Segment Start: Entries supplied

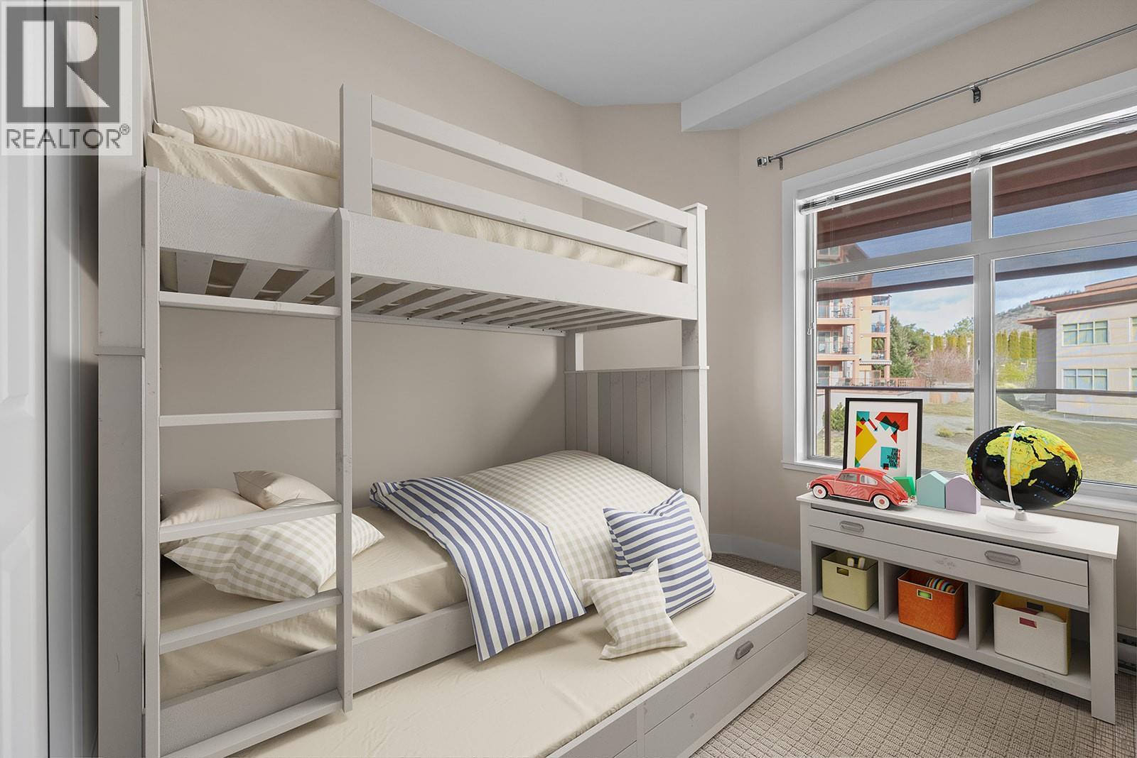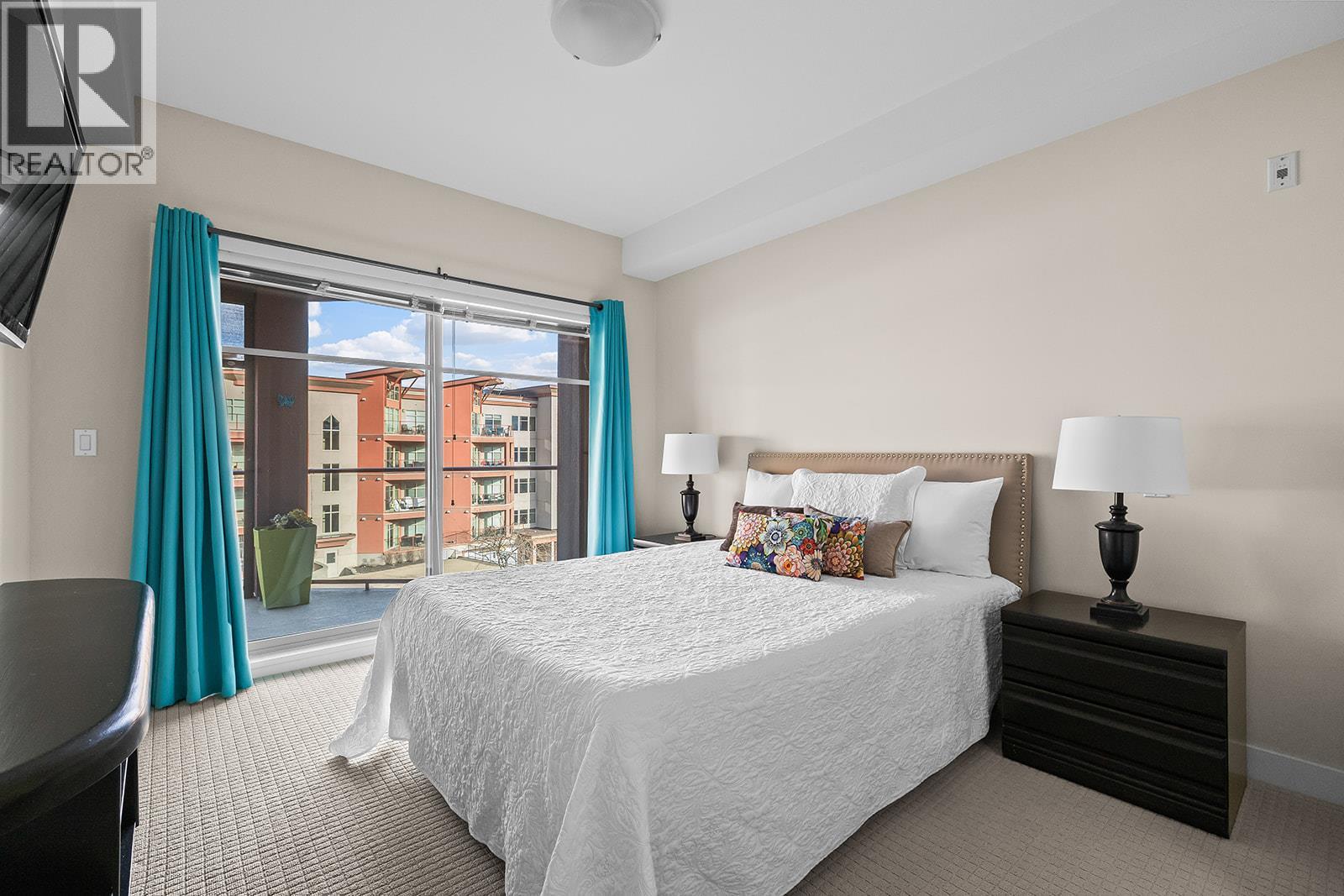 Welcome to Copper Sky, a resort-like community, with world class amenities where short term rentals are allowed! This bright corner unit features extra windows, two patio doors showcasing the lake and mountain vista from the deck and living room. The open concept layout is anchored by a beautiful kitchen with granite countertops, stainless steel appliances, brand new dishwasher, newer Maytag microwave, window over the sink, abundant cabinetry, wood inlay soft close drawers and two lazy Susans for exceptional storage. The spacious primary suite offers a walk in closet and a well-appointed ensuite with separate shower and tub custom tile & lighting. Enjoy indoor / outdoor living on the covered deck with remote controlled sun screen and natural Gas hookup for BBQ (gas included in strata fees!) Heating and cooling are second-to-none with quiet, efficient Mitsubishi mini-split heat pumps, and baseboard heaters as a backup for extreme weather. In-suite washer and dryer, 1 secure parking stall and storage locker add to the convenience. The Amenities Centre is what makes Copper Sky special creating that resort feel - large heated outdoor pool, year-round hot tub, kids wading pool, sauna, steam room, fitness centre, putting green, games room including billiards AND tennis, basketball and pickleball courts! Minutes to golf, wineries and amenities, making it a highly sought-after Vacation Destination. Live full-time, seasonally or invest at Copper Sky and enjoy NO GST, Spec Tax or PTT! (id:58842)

Segment End: Entries supplied
Segment Start: Entries supplied

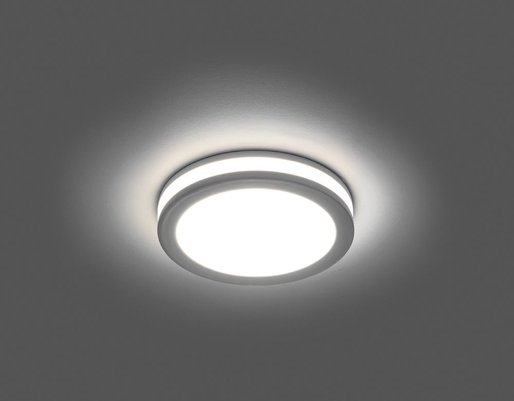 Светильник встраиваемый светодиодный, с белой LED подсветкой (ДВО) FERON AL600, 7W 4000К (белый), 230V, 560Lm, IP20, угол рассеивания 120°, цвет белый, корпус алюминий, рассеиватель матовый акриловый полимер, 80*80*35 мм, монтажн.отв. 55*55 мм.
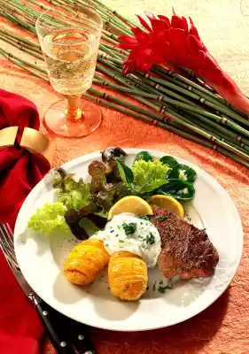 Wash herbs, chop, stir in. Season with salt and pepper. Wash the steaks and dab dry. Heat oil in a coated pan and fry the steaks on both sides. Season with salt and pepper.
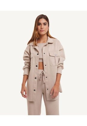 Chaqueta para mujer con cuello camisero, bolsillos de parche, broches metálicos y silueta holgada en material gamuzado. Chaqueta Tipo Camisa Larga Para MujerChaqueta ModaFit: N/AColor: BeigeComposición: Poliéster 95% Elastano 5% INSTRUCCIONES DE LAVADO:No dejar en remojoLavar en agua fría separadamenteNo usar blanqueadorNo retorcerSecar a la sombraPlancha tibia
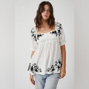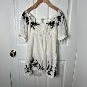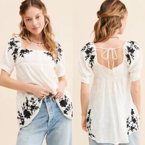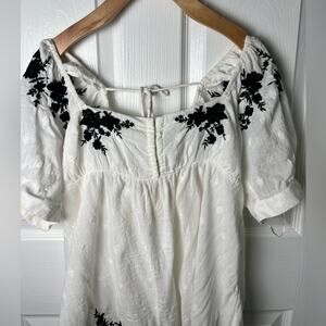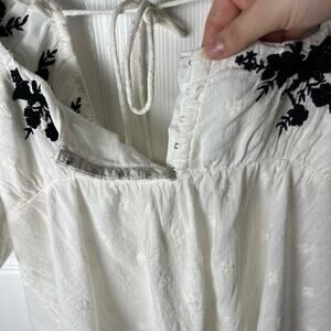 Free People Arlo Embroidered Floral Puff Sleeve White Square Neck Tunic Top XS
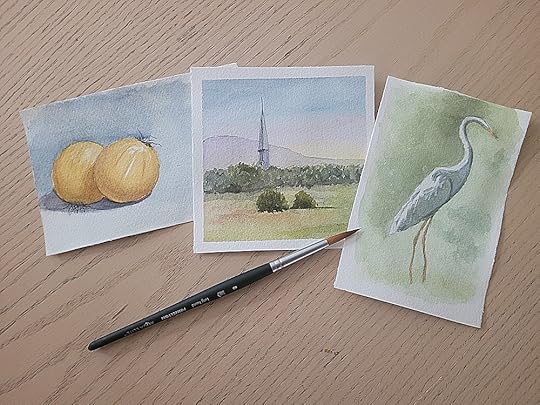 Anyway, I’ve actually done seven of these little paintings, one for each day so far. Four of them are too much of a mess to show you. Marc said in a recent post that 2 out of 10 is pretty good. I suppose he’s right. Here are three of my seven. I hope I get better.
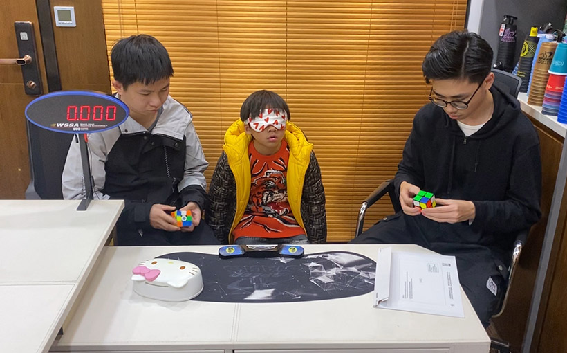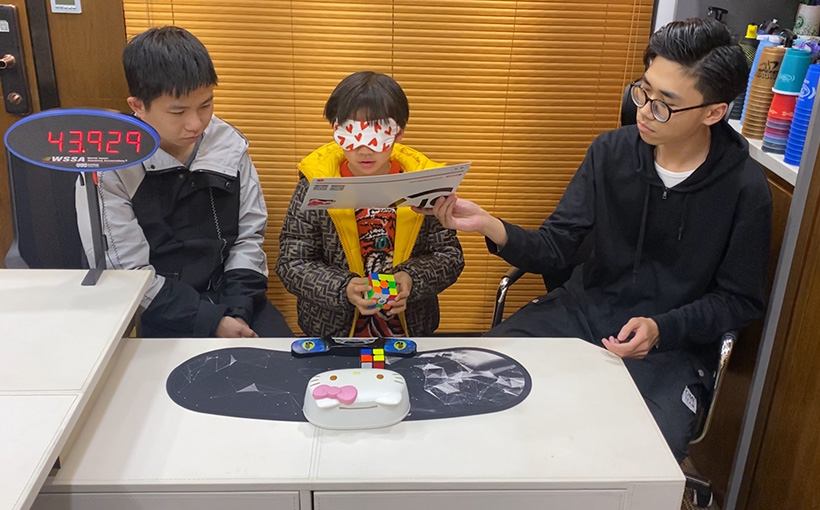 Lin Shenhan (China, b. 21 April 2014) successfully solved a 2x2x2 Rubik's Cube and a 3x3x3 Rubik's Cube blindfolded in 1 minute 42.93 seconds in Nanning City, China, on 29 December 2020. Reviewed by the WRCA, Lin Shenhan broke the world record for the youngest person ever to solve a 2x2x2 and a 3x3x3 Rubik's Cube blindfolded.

Segment End: Entries supplied

| What you are asked to do |
Output exactly the lines above that lie between the line with "Светильник встраиваемый светодиодный, с" and the line with "Wash herbs, chop, stir", those two lines included, and no pictures.

| Answer |
 Светильник встраиваемый светодиодный, с белой LED подсветкой (ДВО) FERON AL600, 7W 4000К (белый), 230V, 560Lm, IP20, угол рассеивания 120°, цвет белый, корпус алюминий, рассеиватель матовый акриловый полимер, 80*80*35 мм, монтажн.отв. 55*55 мм.
 Wash herbs, chop, stir in. Season with salt and pepper. Wash the steaks and dab dry. Heat oil in a coated pan and fry the steaks on both sides. Season with salt and pepper.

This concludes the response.